My suggestion: get out of town. Go play somewhere where games are softer. It’s a quick trip down to L.A. from Vegas. Certainly, there will be some pros in the L.A. $5/10 games, but the cost of living in L.A. does not rest well on a $5/10 pro. There’s plenty of bigger action, too, so the toughest players will be in larger games. Of course, this is true in Las Vegas as well, but the tough pro coefficient in an L.A. game will be lower than Las Vegas. The same is true of any place that, well, that isn’t Las Vegas. The San Francisco Bay Area, Washington/Baltimore region, Florida. Find a place where the game you want to play isn’t the biggest game in the room, and the cost of living is higher than Las Vegas.
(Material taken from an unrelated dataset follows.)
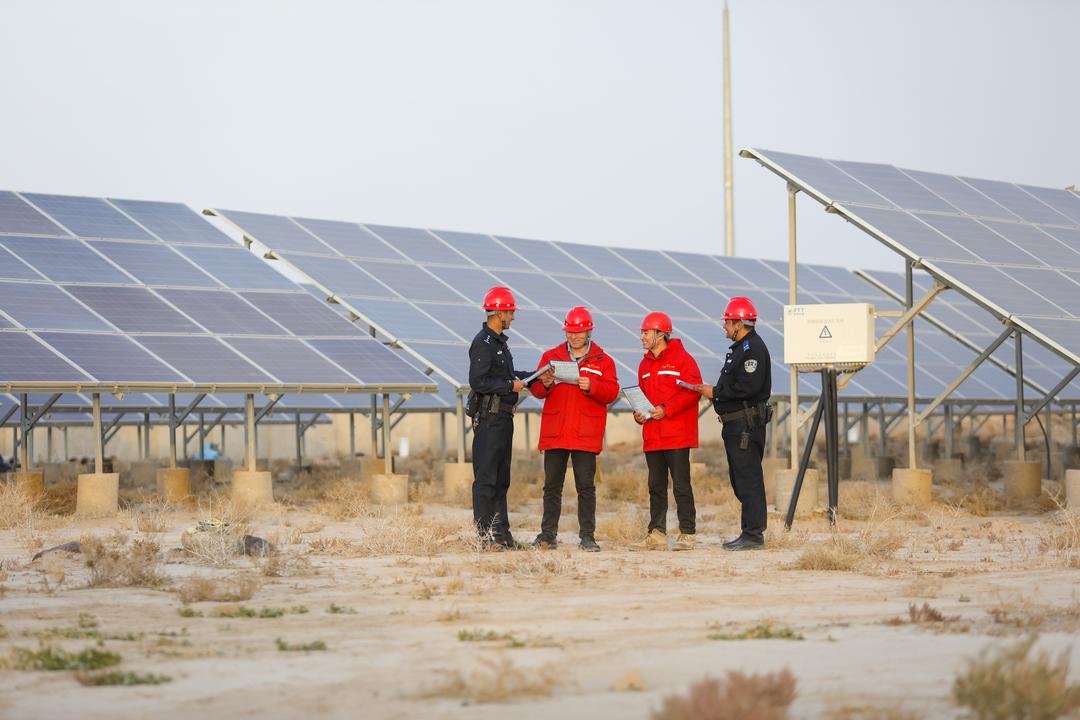 如今,在叶城县茫茫戈壁上,蓝色光伏板绵延铺展,与民警巡逻的身影相映成景。通过警企同心、政企联动,当地正以光伏产业为支点,撬动县域高质量发展,让绿色能源不仅照亮荒漠戈壁,更成为推动经济增长、生态改善、民生提质的“新引擎”。
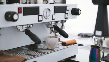Professional coffee maker machine brewing fresh espresso coffee in cafe. blur image for background

A sneaky side benefit of this play is that you won’t be recognized as a shot-taker. If you move up in your regular room, everybody is going to notice it. “Hey, look – Bob is playing the $3/5 game. He’s a $1/3 grinder, isn’t he?” And yes, the $3/5 regs will notice too. Don’t expect flowers and chocolates as a welcome. Go somewhere that you’re anonymous, and don’t tell them it’s your first shot at $5/10. For all they know, you’re a $5/10 crusher. And you know what – you might be one.

Share the risk

People get backing for tournaments all the time. If you’re considering moving up in tournament stakes, you’re probably already thinking about asking friends and buddies if they want a piece of that. There’s no reason you can’t do it for a cash game too.

Of course, you need to do it with people who understand the risks involved. And that they’re not going to get a 10x return on their investment. I would probably lead with, “You’re probably going to lose this money, but…” Simply tell them that you want to put together a $1200 bankroll to try the $2/5 game. Would they be interested in investing $400 to own a 1/3 share of the results, good or bad?

One of the nice things about this is that you and your friend can jointly decide to end the experiment at any time you wish. You can call them after an hour and say, “Hey – we’re up 90 BBs! You wanna press on, or take our profit and go eat ice cream?”

As with any backing arrangement, make sure the ground rules are clear on both sides, and that your backer is aware of the risk involved. Most importantly, be sure that if you dust off the entire bankroll (coolers happen), it won’t damage your relationship with the backer. No shot at a bigger game is worth that.

In short…

Taking a shot at higher stakes is one of the most enjoyable and exciting things you can do as a poker player. Don’t deny yourself the opportunity, but do it with open eyes and reasonable expectations. Who knows – that temporary visit to the $2/5 table could end up being a permanent change of address.